The National Resources Operations Divi
sion she’d been exiled to fills one corner of the limbo level’s factory floor, looks like a Smithsonian museum diorama with plastic walls encasing a replica of a police detective squad consisting of twelve workstation desks shared by Faye and nineteen other field agents plus a plastic-walled “inner office” of command stations for the two executives in charge of monitoring defectors, PINSS (Persons In Need of Security Supervision) like Condor, and miscellaneous but unglamorous national security/intelligence tasks shoved by agencies like the CIA, ODNI, FBI, NSA, Secret Service, DIA, and DEA into the post–9/11 beast called Homeland Security.
She glanced at the time display on a workstation’s computer: 7:22 P.M. outside in the real world of Washington, D.C.—ninety-eight minutes until 9 P.M.
You can make it.
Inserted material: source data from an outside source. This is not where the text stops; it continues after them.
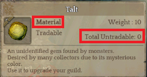 Well, right now. We’re stuck trading 10 Talts for the next 5 days. I feel bad for the guy because he needs the money badly. I already have the headgear and he’ll be waiting for the “installment” style Talt trading. Sorry, I can’t post screenshots, I’m not at home.
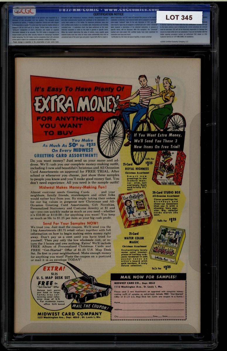 The Auctioneer has reserved the right to reject any and all bids, and to bid at the auction. Auctioneers Auctions are not on approval. Auctioneer does not allow certified material to be returned because of possible differences of opinion with respect to the grade offered by any third party organization, dealer, or service. Absolutely no guarantee of grade is offered for un-certified property sold and subsequently submitted to a third-party grading service. There will be no exceptions to this policy. Under extremely limited circumstances, (e.g. gross cataloging error) a purchaser, who did not bid from the floor, may request Auctioneer to evaluate voiding a sale; such request must be made in writing detailing the alleged gross error, and submission of the lot to the Auctioneer must be pre-approved by the Auctioneer. Bidder must notify Auctioneer in writing of such request within three (3) days of the non-floor bidder receipt of the lot. Any lot that is to be evaluated must be in our offices within 30 days after Auction. Grading does not qualify for this evaluation process nor do such complaints constitute a basis to challenge the authenticity of a lot. AFTER THAT 30-DAY PERIOD, NO LOTS MAY BE RETURNED FOR REASONS OTHER THAN AUTHENTICITY. Lots returned must be housed intact in the original holder. No lots purchased by floor Bidders may be returned (including those Bidders acting as agents for others). Late remittance for purchases may be considered just cause to revoke all return privileges. B: Auctions conducted solely on the Internet have a THREE (3) DAY RETURN POLICY: Lots paid for within seven days of the Auction closing are sold with a three (3) day return privilege. You may return lots under the following conditions: Within three days of receipt of the lot, you must first notify Auctioneer by contacting Client Service by phone (314-680-8599) or e-mail (moundcityauctions@gmail.com), and immediately mail the lot(s) fully insured to the attention of Returns, Mound City Auctions 1081 Teson Rd. Hazelwood, MO. 63042. Lots must be housed intact in their original holder and in their original condition. You are responsible for the insured, safe delivery of any lots. Auctioneer will not be responsible for lots returned in non-registered mail or lots returned without prior authorization per section B. A non-negotiable return fee of 5% of the purchase price ($10 per lot minimum) will be deducted from the refund for each returned lot or billed directly. Postage and handling fees are not refunded. After the three-day period (from receipt), no items may be returned for any reason. Late remittance for purchases revokes all Return-Restock privileges. C: Bidders who have inspected the lots prior to the auction will not be granted any return privileges. D: Comic books sold referencing a third-party grading service are sold “as is” without any express or implied warranty. Certain warranties may be available from the grading services and the Bidder is referred to them for further details: Certified Guaranty Company, LLC. (CGC), P.O. Box 4738, Sarasota, FL 34230. E: Bidders who intend to challenge authenticity or provenance of a lot must notify Auctioneer in writing within thirty (30) days of the Auctions conclusion. In the event Auctioneer cannot deliver the lot or subsequently it is established that the lot lacks title, provenance, authenticity, or other transfer or condition issue is claimed, Auctioneer's liability shall be limited to rescission of sale and refund of purchase price; in no case shall Auctioneer's maximum liability exceed the high bid on that lot, which bid shall be deemed for all purposes the value of the lot. After one year has elapsed, Auctioneer's maximum liability shall be limited to any commissions and fees Auctioneer earned on that lot. F: All comics are guaranteed genuine, but are not guaranteed as to grade, since grading is a matter of opinion, an art and not a science, and therefore the opinion rendered by the Auctioneer or any third party grading service may not agree with the opinion of others (including trained experts), and the same expert may not grade the same item with the same grade at two different times. G: Since we cannot examine encapsulated comics, they are sold “as is”without our grading opinion, and may not be returned for any reason. Auctioneer shall not be liable for any patent or latent defect or controversy pertaining to or arising from any encapsulated collectible. In any such instance, purchaser's remedy, if any, shall be solely against the service certifying the collectible. H: Due to changing grading standards over time, differing interpretations, and to possible mishandling of items by subsequent owners, Auctioneer reserves the right to grade items differently than shown on certificates from any grading service that accompany the items. Auctioneer also reserves the right to grade items differently than the grades shown in the prior catalog should such items be reconsigned to any future auction. I: Although consensus grading is employed by most grading services, it should be noted as aforesaid that grading is not an exact science. In fact, it is entirely possible that if a lot is broken out of a plastic holder and resubmitted to another grading service or even to the same service, the lot could come back with a different grade assigned. J: Certification does not guarantee protection against the normal risks associated with potentially volatile markets. The degree of liquidity for certified collectibles will vary according to general market conditions and the particular lot involved. For some lots there may be no active market at all at certain points in time."
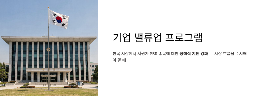 - 정부 정책 및 밸류업 프로그램: 최근 한국 시장에서는 '기업 밸류업 프로그램'을 통해 저평가된 pbr 이란 키워드를 가진 종목들에 대한 정책적 지원이 강화되고 있으므로 시장 흐름을 주시해야 합니다.

If you find Alex, you can still—
She spotted him inside a cubicle where the blue lightning bolts were turned off.
“You got a sec?” said Faye as she plopped down beside the thin redheaded man wearing a white shirt, striped tie, and khaki slacks.
“Barely,” Alex said as he packed tools he’d used to install a hard drive in the cubicle’s computer. “I got called off the bench!”
“Good for you.”
“Hey, the Dumpster I backed into still works. I drove by and checked.”
“Great, I’m kind of—”
“Anxious to tell me what you did to end up here?”
“No. What I can tell you is I need to cover my partner’s ass to get out of here.”
She handed the flash drive to her instructor, Alex, from a CIA Technical Services’ training class whom she’d spotted wandering the limbo’s floor the week before.
“That’s cell-phone video. A white car flipping a U-turn, twilight. The headlights blur the license plate, but as it drives away, maybe between the taillights’ red eyes…”
Took Alex four minutes, most of which was spent pulling software from the classified national security grid onto this cubicle computer’s new hard drive.
“Virginia tag,” he said as they stared at the screen’s enhanced image. “I live in Virginia. You can tell me if you do, too. It’s not like your real name or—”
A new window appeared on the computer screen: a completed government form.